[Try it]
Print the entries underneath word for word, omitting whatever pictures they contain.

[Records provided]
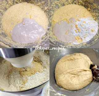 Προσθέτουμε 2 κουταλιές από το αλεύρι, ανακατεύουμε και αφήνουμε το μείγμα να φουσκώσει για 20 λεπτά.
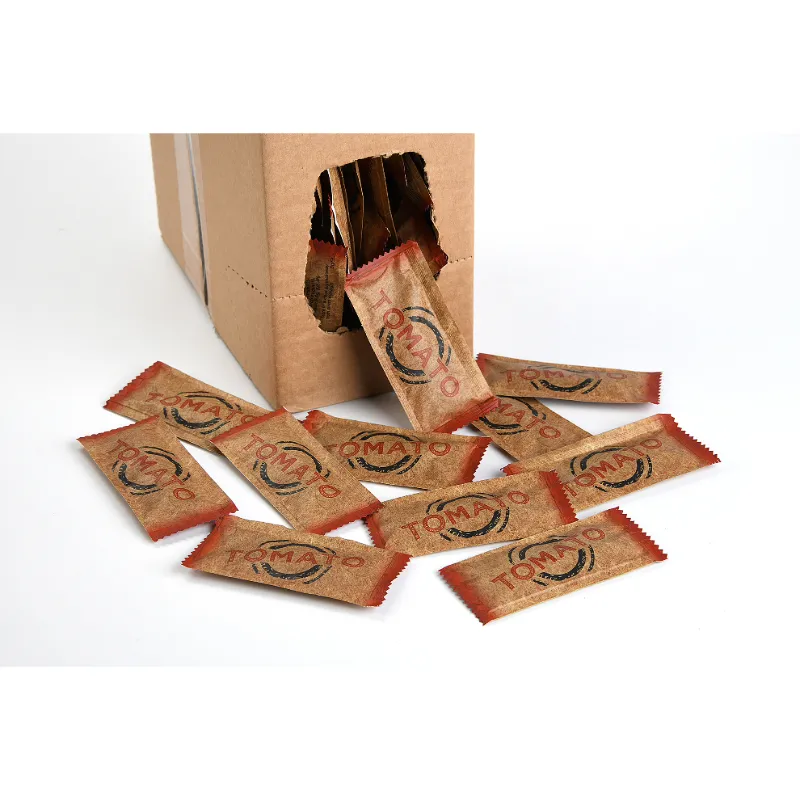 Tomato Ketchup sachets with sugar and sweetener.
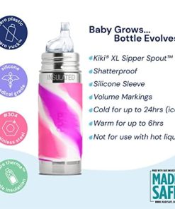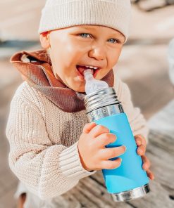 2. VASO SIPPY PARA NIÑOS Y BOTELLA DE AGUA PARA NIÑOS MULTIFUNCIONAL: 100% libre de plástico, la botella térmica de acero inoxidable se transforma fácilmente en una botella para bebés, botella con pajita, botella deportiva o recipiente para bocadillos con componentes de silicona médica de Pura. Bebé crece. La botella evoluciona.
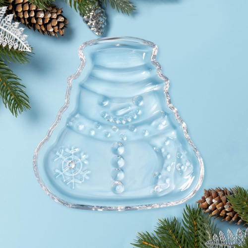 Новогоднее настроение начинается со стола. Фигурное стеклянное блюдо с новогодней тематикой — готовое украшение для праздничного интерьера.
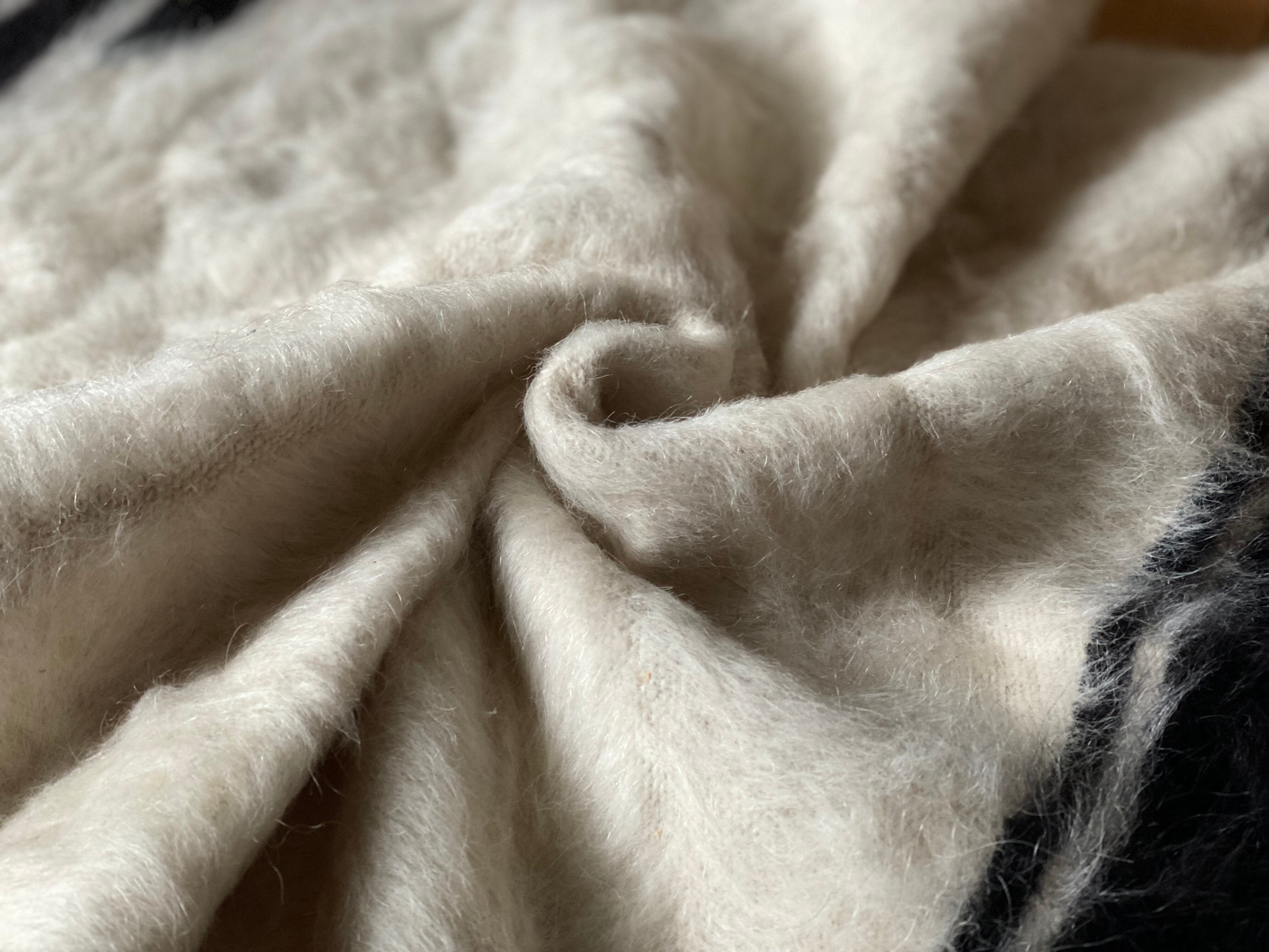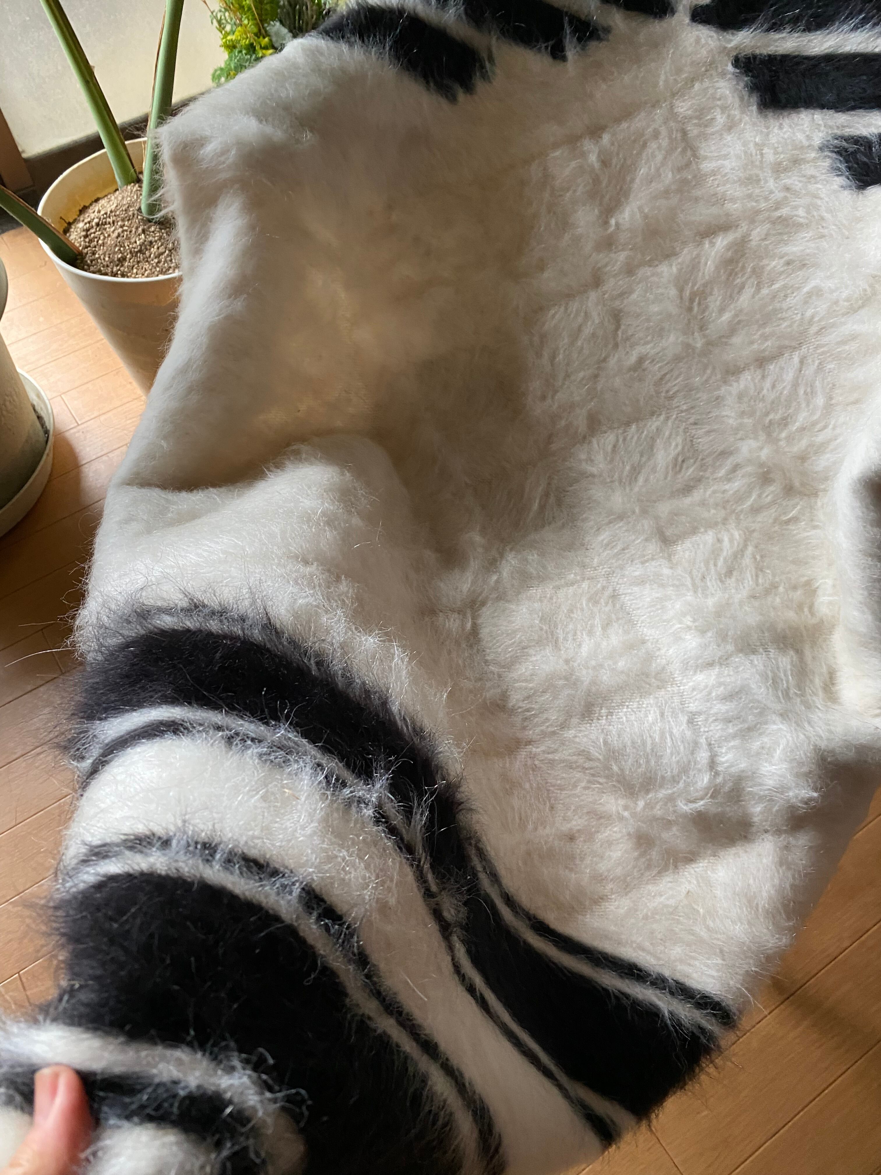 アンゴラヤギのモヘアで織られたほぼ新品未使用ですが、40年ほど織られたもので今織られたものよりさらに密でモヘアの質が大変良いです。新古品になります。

[Task answer]
 Προσθέτουμε 2 κουταλιές από το αλεύρι, ανακατεύουμε και αφήνουμε το μείγμα να φουσκώσει για 20 λεπτά.
 Tomato Ketchup sachets with sugar and sweetener.
 2. VASO SIPPY PARA NIÑOS Y BOTELLA DE AGUA PARA NIÑOS MULTIFUNCIONAL: 100% libre de plástico, la botella térmica de acero inoxidable se transforma fácilmente en una botella para bebés, botella con pajita, botella deportiva o recipiente para bocadillos con componentes de silicona médica de Pura. Bebé crece. La botella evoluciona.
 Новогоднее настроение начинается со стола. Фигурное стеклянное блюдо с новогодней тематикой — готовое украшение для праздничного интерьера.
 アンゴラヤギのモヘアで織られたほぼ新品未使用ですが、40年ほど織られたもので今織られたものよりさらに密でモヘアの質が大変良いです。新古品になります。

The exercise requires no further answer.